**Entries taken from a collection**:
———
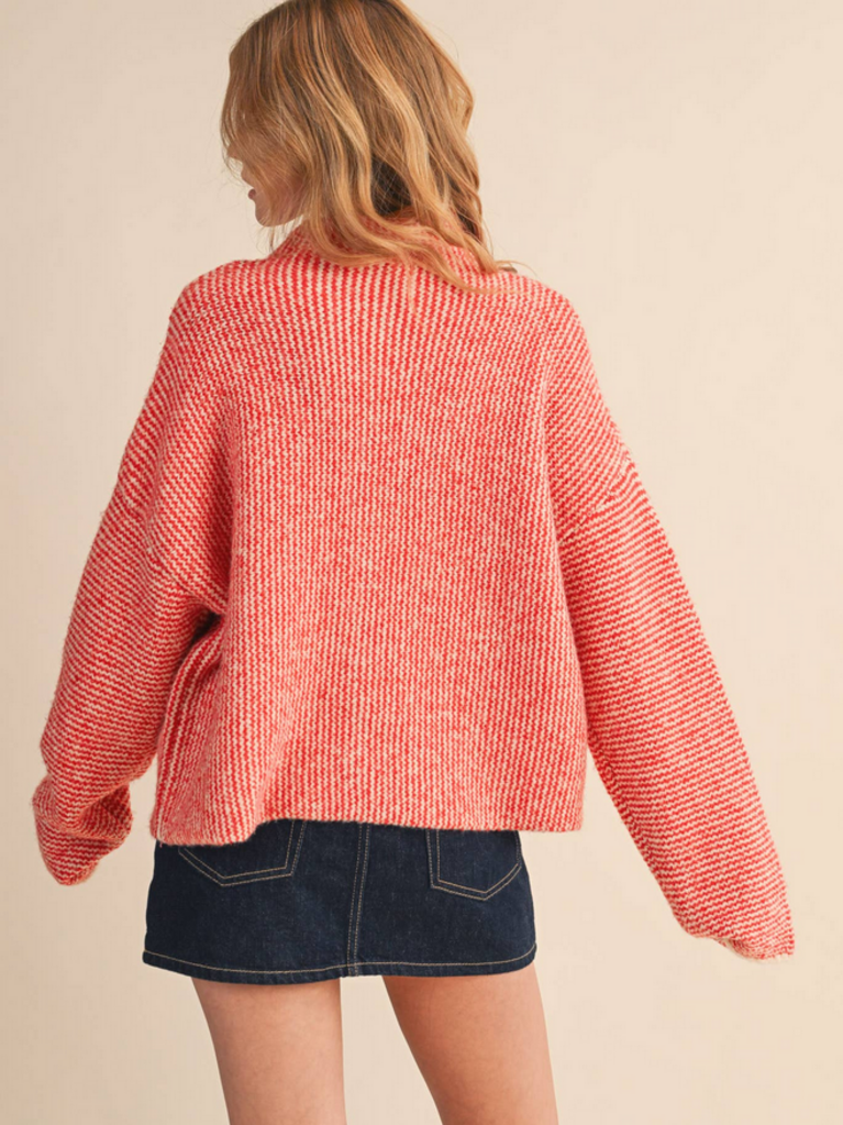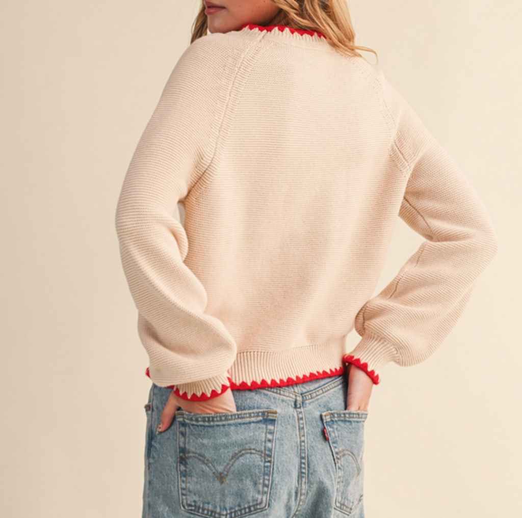 SMALL Red Contrast Stitch Puff Sleeve Sweater
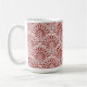 Esta caneca de café apresenta um desenho de arte desenhado à mão ou um padrão de ventoinha com uma textura vintage angustiada em vermelho sobre creme para uma aparência boêmica.
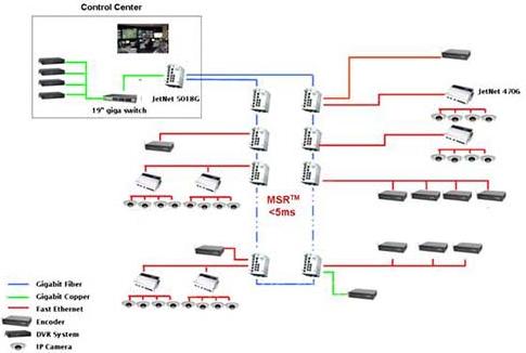 JetNet 5010G配備3個(gè)千兆combo可選端口, 可以通過(guò)加載光纖收發(fā)器模塊,延長(zhǎng)數(shù)據(jù)傳輸距離。此千兆工業(yè)交換機(jī)還支持MSR網(wǎng)絡(luò)冗余技術(shù),其中2個(gè)千兆端口用于建立冗余光纖網(wǎng)以確保高可靠度,高品質(zhì),大流量視頻數(shù)據(jù)傳輸,而第三個(gè)千兆端口作為上聯(lián)端口,連接監(jiān)控中心核心交換機(jī)。此外,LLDP鏈路層發(fā)現(xiàn)協(xié)議和JetView Pro Korenix網(wǎng)絡(luò)管理軟件能夠幫助用戶在幾秒鐘之內(nèi)自動(dòng)檢索網(wǎng)絡(luò)中的有效設(shè)備,便于在中控室有效的遠(yuǎn)程管理現(xiàn)場(chǎng)設(shè)備。
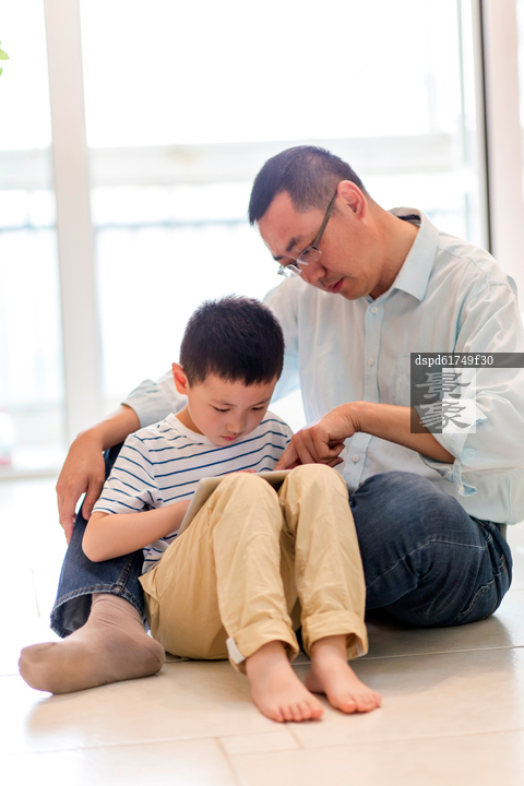 图片标题: 父子两人坐在地上玩平板电脑
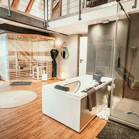 Die Gäste dieses Apartments können das Stadtzentrum von Ralingen innerhalb von 15 Minuten zu Fuß erreichen. Zu den Sehenswürdigkeiten in einer 6 Fußminuten Entfernung von diesem 70 m^2 großen Apartment gehört St. Nikolaus. Reichsabtei Echternach ist in 15 Autominuten Entfernung vom Luxusloft Timeout With Private Spa.
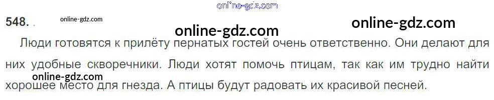 Готовые домашние задания по Русскому языку за 3 класс Учебник Рамзаева Ритм 2016 - Упражнения 548
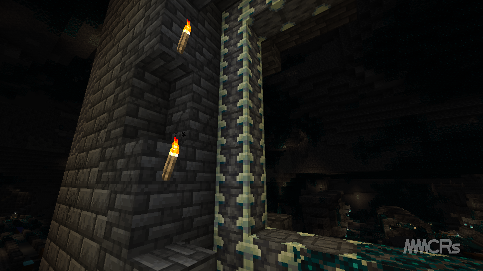 사람이 다녀간 흔적을 찾을 수 있지만 몹은 전혀 생성되지 않고, 스컬크 투성이에 노획물 상자 주변에 여러 개의 스컬크 비명체가 있기 때문에 워든이 나오지 않도록 주의해야 합니다.
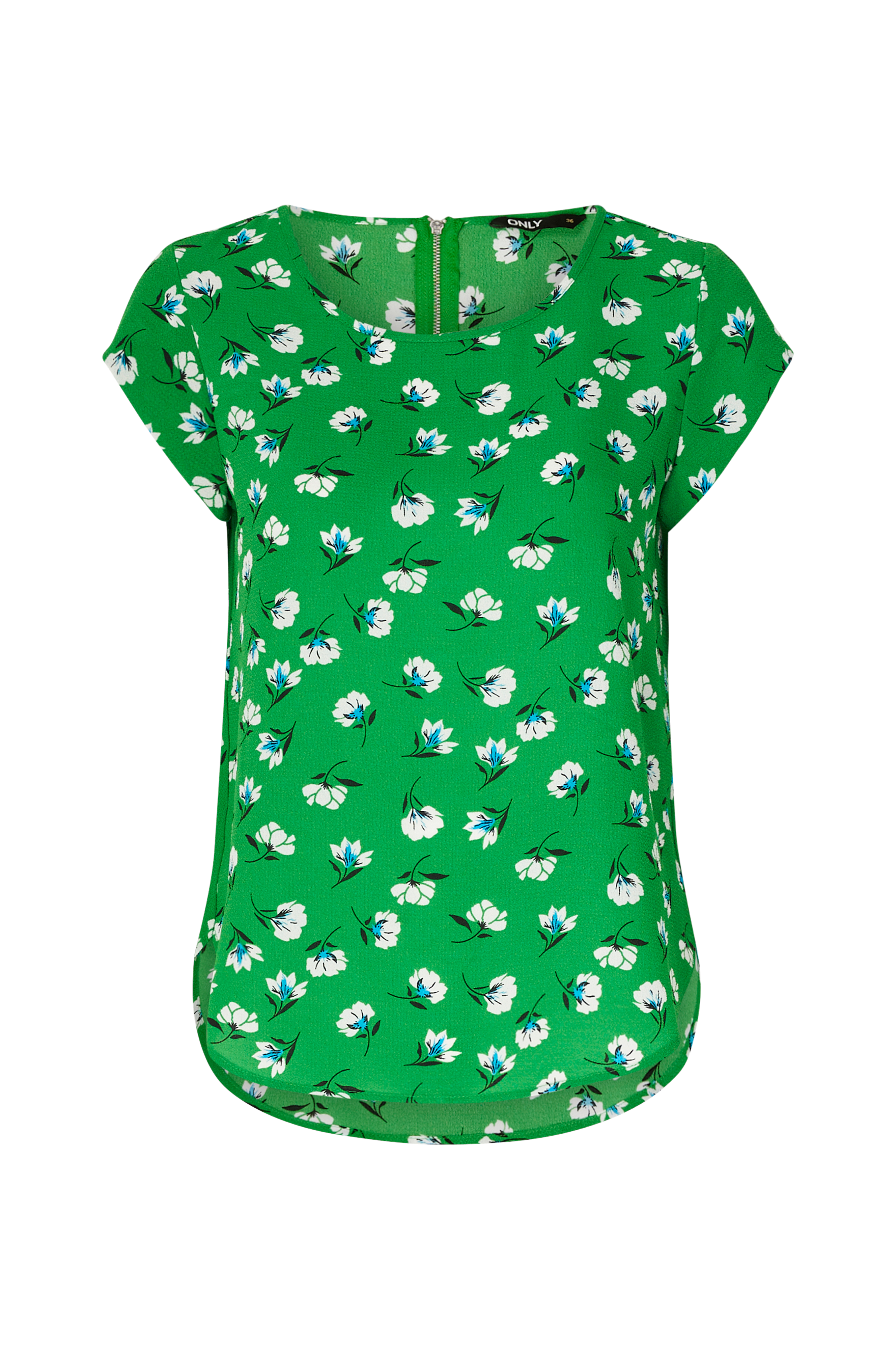 Bluse onlVic SS Aop Top fra Only i kortermet modell med metallglidelås i nakken og avrundet nederkant. Produsert i vevd, kreppet kvalitet.
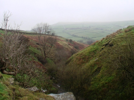 2. Looking along Lumb Head Beck to the shadowy outline of Earl's Crag
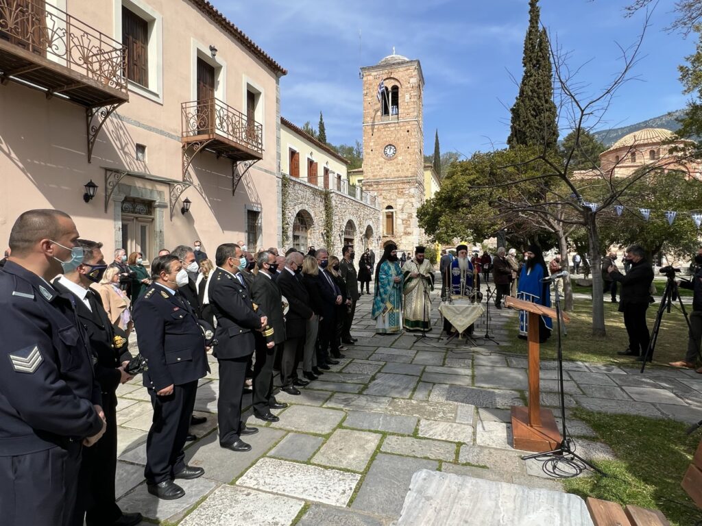 Αναφερόμενος στην κήρυξη της Επανάστασης στη Ρούμελη, που έγινε την 27η Μαρτίου 1821 στη Μονή του Οσίου Λουκά από το Δεσπότη Σαλώνων Ησαΐα, τόνισε ότι μαζί με τον Αθανάσιο Διάκο, κι όλους τους ήρωες κι αγωνιστές έφεραν τη δάδα της επανάστασης και τη φλόγα της λευτεριάς σε όλη την Ελλάδα. Ενώ, για την προσφορά της Μονής του Οσίου Λουκά στην Επανάσταση, σύμφωνα με τον ιστορικό Γ. Κρέμος, υπήρξε “εστία και ορμητήριο του Αγώνα”.
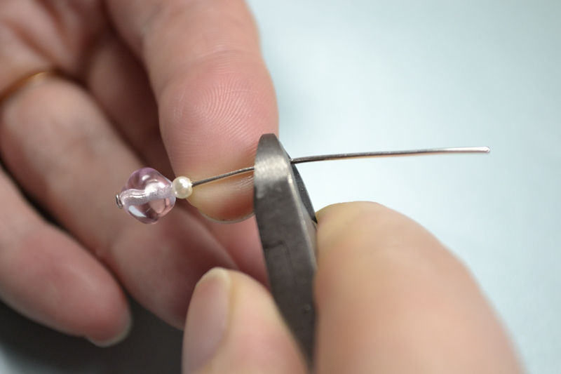 Pujota piikkiin kaksi helmeä, ja jätä piikkiä näkyviin noin sormenleveä pätkä. Leikkaa loppu pois. Leikatessa suosittelen pitämään sormea irtoavaa päätä vasten, jotta se ei singahda hukkaan ja aiheuta vahinkoa. Koruun käytettävät helmet voivat olla mitä tahansa väriä ja mallia, mitä kotoa löytyy tai kesämekkoon sointuu, mutta niiden on suositeltavaa olla pyöristettyä mallia (riisinjyvä, pyöreä, fasettihelmi). Biconit voivat olla turhan teräviä.
———
**What the exercise asks**: The data above holds the lines to copy: start at the one with "사람이 다녀간 흔적을", stop at the one with "2. Looking along", include both, copy them exactly without pictures, and copy nothing else.

**Task solution**:
 사람이 다녀간 흔적을 찾을 수 있지만 몹은 전혀 생성되지 않고, 스컬크 투성이에 노획물 상자 주변에 여러 개의 스컬크 비명체가 있기 때문에 워든이 나오지 않도록 주의해야 합니다.
 Bluse onlVic SS Aop Top fra Only i kortermet modell med metallglidelås i nakken og avrundet nederkant. Produsert i vevd, kreppet kvalitet.
 2. Looking along Lumb Head Beck to the shadowy outline of Earl's Crag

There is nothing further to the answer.